Наконец – версия Н. Евреинова, которая вобрала в себя многое из того, о чем шла речь. Слово «жизнь» в нашей формуле Евреинов истолковывает с космологической широтой. «Человеку присущ инстинкт, о котором, несмотря на его неиссякаемую жизненность, ни история, ни психология, ни эстетика не говорили до сих пор ни слова. – Я имею в виду инстинкт преображения, инстинкт противопоставления образам, принимаемым извне, образов, произвольно творимых человеком, инстинкт трансформации видимостей Природы, достаточно ясно раскрывающий свою сущность в понятии „театральность“»[198].

Евреинов выводит «инстинкт трансформации» из самой биологической реальности, из природы живого (посвящая много страниц и целые труды рассмотрению театральности в мире животных и растений). Поэтому для него нет проблемы создания нового театра. Театр не надо выдумывать, он уже есть, и надо только отдаться стихии игры (что, впрочем, нетривиальная задача в мире культуры, где, не устает возмущаться Евреинов, от театра все время требуют, чтобы он был чем‑то другим). «Преэстетизм театральности – вот лозунг, одним ударом сталкивающий с мели тонкой эстетики застрявший корабль нашего театра вместе с экипажем, завороженным песнями ее предательских сирен <…> И какое мне (черт возьми!) дело до всех эстетик в мире, когда для меня сейчас самое важное – стать другим и делать другое, а потом уже хороший вкус, удовольствия картинной галереи, подлинность музея, чудо техники изысканного контрапункта!..»[199]

Призыв «отеатралить жизнь» не стоит, однако, полностью отождествлять с духом карнавала, охватившим какую‑то часть Серебряного века.
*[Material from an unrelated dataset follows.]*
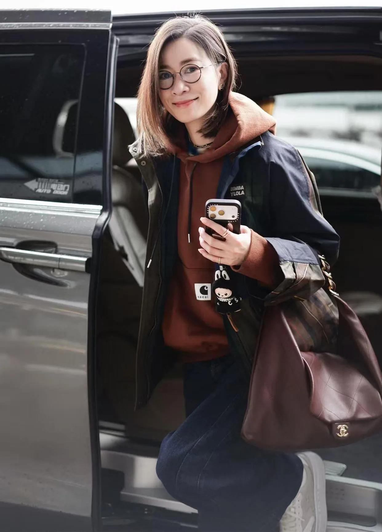 佘诗曼的穿搭品味也太绝了! 佘诗曼最新机场造型太圈粉啦💫 工装拼接外套搭配焦糖色连帽卫衣,休闲中带着酷飒感,下装配深蓝色牛仔裤,简约又利落,整套穿搭把时髦、减龄和高级感完美融合,50+的状态依旧超能打! 果然会穿的人,随便搭都这么有范儿~

Действительно, эта стихия дала невероятное разнообразие театрализованных форм коммуникации[200]. Но Евреинова интересует бытийно‑природная первооснова, доэстетическая субстанция театра: «…именно в эволюции человеческого духа развитие чувства театральности постоянно предшествует развитию эстетического чувства. Этому учит нас история культуры, это именно подсказывает нам и анализ обоих чувств, в результате которого признание большей тонкости и сложности остается за эстетическим чувством. <…> Театральное искусство уже потому преэстетического, а не эстетического характера, что трансформация, каковой является по существу театральное искусство, примитивнее и доступнее, чем формация, каковой по существу является эстетическое искусство. И я думаю, что в истории культуры именно театральность была некоего рода пред‑искусством, понимая последнее в общепризнанном смысле»[201].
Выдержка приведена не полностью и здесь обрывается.